Dynamic and Fault-Tolerant Clustering for Scientific Workflows

0
253
Dynamic and Fault-Tolerant Clustering for Scientific Workflows

Dynamic and Fault-Tolerant Clustering for Scientific Workflows

Abstract

Task clustering has proven to be an effective method to reduce execution overhead and to improve the computational granularity of scientific workflow tasks executing on distributed resources.
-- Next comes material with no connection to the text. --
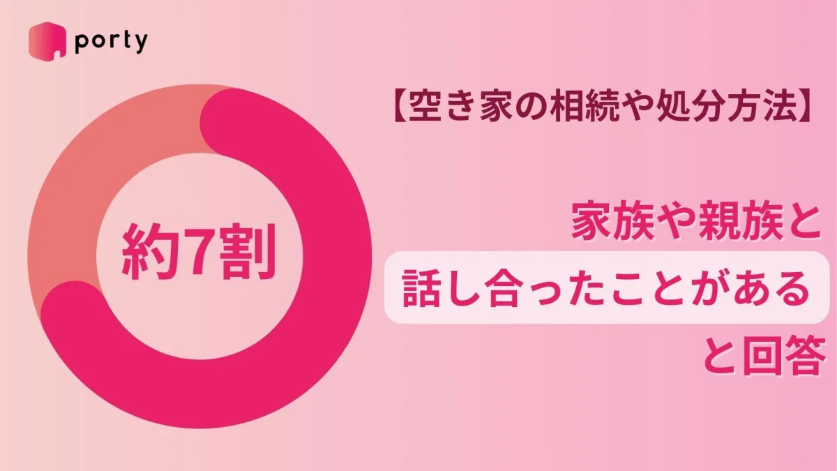 株式会社ポルティが2025年3月に実施した空き家に関する実態調査の結果、全国の空き家オーナー250名を対象にしたところ、約7割が家族や親族との話し合いの経験があることが分かりました。空き家の相続や処分方法について、対話を行ったことがあるとの回答は72.8%でした。

Dynamic and Fault-Tolerant Clustering for Scientific Workflows However, a job composed of multiple tasks may have a higher risk of suffering from failures than a single task job.
In this Dynamic and Fault-Tolerant Clustering for Scientific Workflows paper, we conduct a theoretical analysis of the impact of transient failures on the runtime performance of scientific workflow executions. We also propose three fault-tolerant clustering strategies to improve runtime performance of workflow executions in faulty execution environments.

System Configuration

H/W System Configuration
Speed                   : 1.1 GHz
RAM                      : 256 MB(min)
Hard Disk              : 20 GB
Floppy Drive          : 1.44 MB
Key Board             : Standard Windows Keyboard
Mouse                  : Two or Three Button Mouse
Monitor                : SVGA
S/W System Configuration

Platform                     :  cloud computing

Operating system       : Windows Xp,7,
Server                       : WAMP/Apache
Working on                : Browser Like Firefox, IE

Conclusion

In this work, we model transient failures in a distributed environment and evaluate their influence on task clustering. We proposed three dynamic clustering methods to improve the fault tolerance of task clustering and applied them to five widely used scientific workflows. Experimental results showed that the proposed methods significantly improve the makepan of the workflow compared to an existing task clustering method used in workflow management systems. The Dynamic Reclustering method, in particular, performed best among all methods since it could adjust the clustering size based on the Maximum Likelihood Estimation of task runtime, system overheads, and inter-arrival failure time.